In Romans 9 Paul notes God’s words to Moses, “‘I will have mercy on whom I have mercy’ … So then it depends not on human will or exertion, but on God who has mercy” (verses 15,16). In our Exodus reading yesterday we saw how God could not use Moses’ own “will and exertion” (2:11-15). Paul drives home the lesson that one cannot deserve, or earn, God’s blessing by their own efforts. All God’s blessings are an expression of His mercy, or grace and therefore it is sad when so many talk about grace as though it is an ever-flowing factor that they can be certain about – regardless of how they behave.
Paul’s next point is that “Scripture says to Pharaoh, ‘For this very purpose I have raised you up, that I might show my power in you, and that my name might be proclaimed in all the earth’” (verse 17).
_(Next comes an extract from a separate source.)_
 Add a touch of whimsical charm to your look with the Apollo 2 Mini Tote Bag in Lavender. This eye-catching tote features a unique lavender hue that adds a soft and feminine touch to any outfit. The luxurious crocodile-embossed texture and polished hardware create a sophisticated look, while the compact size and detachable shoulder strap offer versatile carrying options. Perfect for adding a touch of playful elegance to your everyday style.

This is not the proclamation of God’s actual name, but of God’s reputation that was about to be established by what He did. We will read of this in the next few days with the dramatic deliverance from Egypt of the descendants of Jacob.
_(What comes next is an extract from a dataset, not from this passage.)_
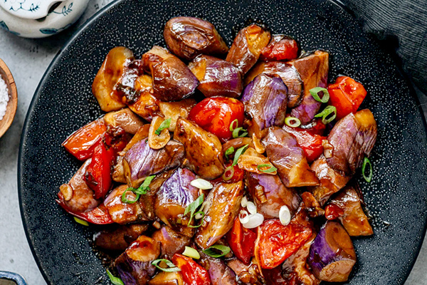 Соус также играет важную роль благодаря своей сбалансированности: бульон добавляет объём, светлый соевый соус отвечает за вкус, а уксус привносит кислотность. Блюдо не будет перенасыщенным томатами или соевыми нотами, а будет держаться на текстуре баклажанов и аккуратно собранном соусе.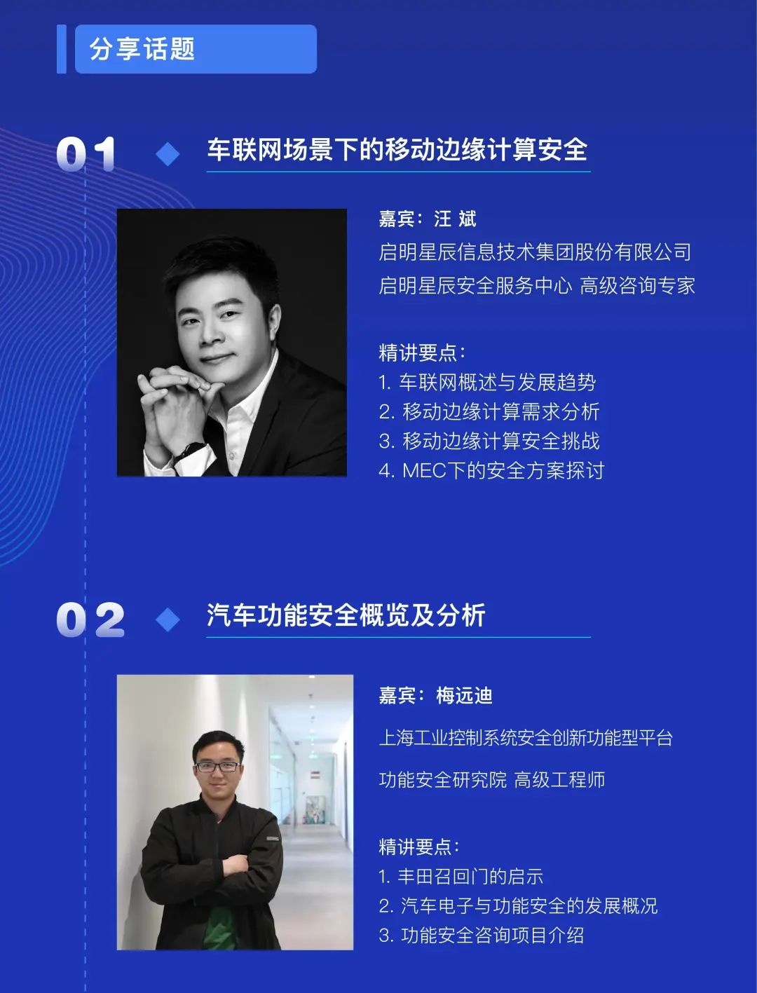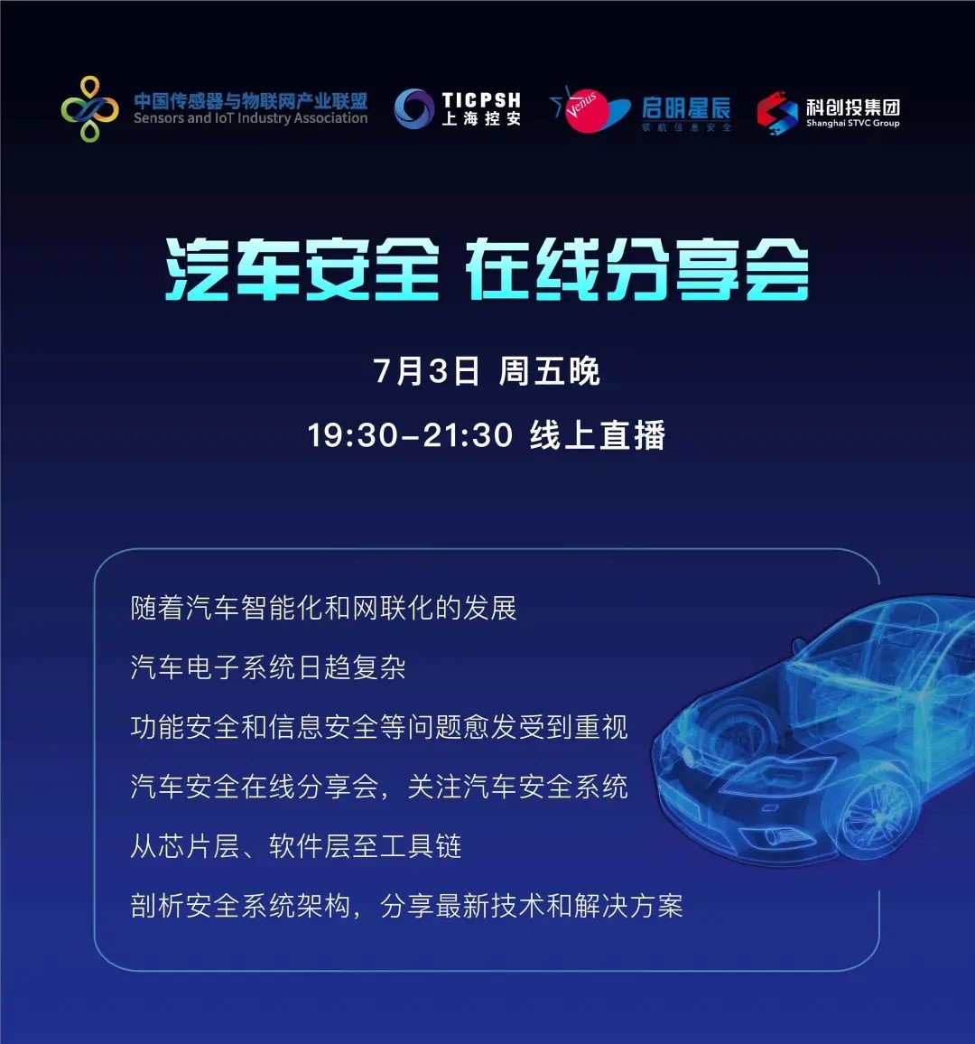 本次分享会由启明星辰集团、中国传感器与物联网产业联盟、上海控安、科创投集团联合主办,邀请了科研机构、零部件厂商、车厂等行业的各位专家在线分享汽车安全,从芯片层、软件层到工具链,剖析整个汽车安全系统架构,并围绕汽车全产业链的安全保障、信息安全防护、大交通及新基建发展趋势及场景展开讨论。

God’s name is given in Exodus 3 as, “I will be what I will be” (verse 14 – ESV footnote). This means God will ‘make’ His name or reputation, by what is about to happen. “This is my name forever, and thus I am to be remembered throughout all generations” (verse 15). Their deliverance from Egypt became a memorial which all generations would look back to as a foundation for their confidence in God. Thus, when we read Psalm 135 and its praises to the LORD we see the significance of verses 8-13 of the LORD’s name and “renown”. It is fully expressed in Isaiah 63:11-14 how God “led your people to make for yourself a glorious name”. Daniel makes the same point in his impassioned prayer (9:15).
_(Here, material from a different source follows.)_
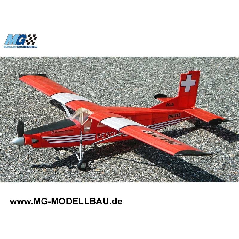 Die PC-6 Porter ist das weltweit führende STOL-Flugzeug (Short Take-Off and Landing) und damit äußerst vielseitig bei allen Wetter- und Geländebedingungen einsetzbar. Es wird für viele verschiedene Aufgaben wie bei Suche und Rettung von Menschenleben, Materialtransport und Fallschirmausflüge eingesetzt - ein wirklich robustes Nutzfahrzeug. Die Guillow-Kreation ist eine originalgetreue Nachbildung des echten Flugzeugs. Im Vordergrund sehen einfache Montage und Flugstabilität. Ein großartiger Bausatz, bei dem geringes Gewicht, einfache Montage und Flugstabilität bei der Konstruktion berücksichtigt wurden.

In the same way we look back to the sacrifice and resurrection of our Saviour, and how God made for Himself the name of ‘Father’. We are privileged to call God ‘Father’, but must “hallow” that name. How many are striving to make a name for themselves which Christ will remember when the time comes for him to confess those in his service. In Revelation 3:5, Jesus says, “The one who conquers (him / herself!) … I will confess his name before my Father and before his angels”. Our name that Christ will confess will be achieved in many different ways; for example, to quote James 1:27, “to visit orphans and widows in their affliction, and to keep oneself unstained from the world”.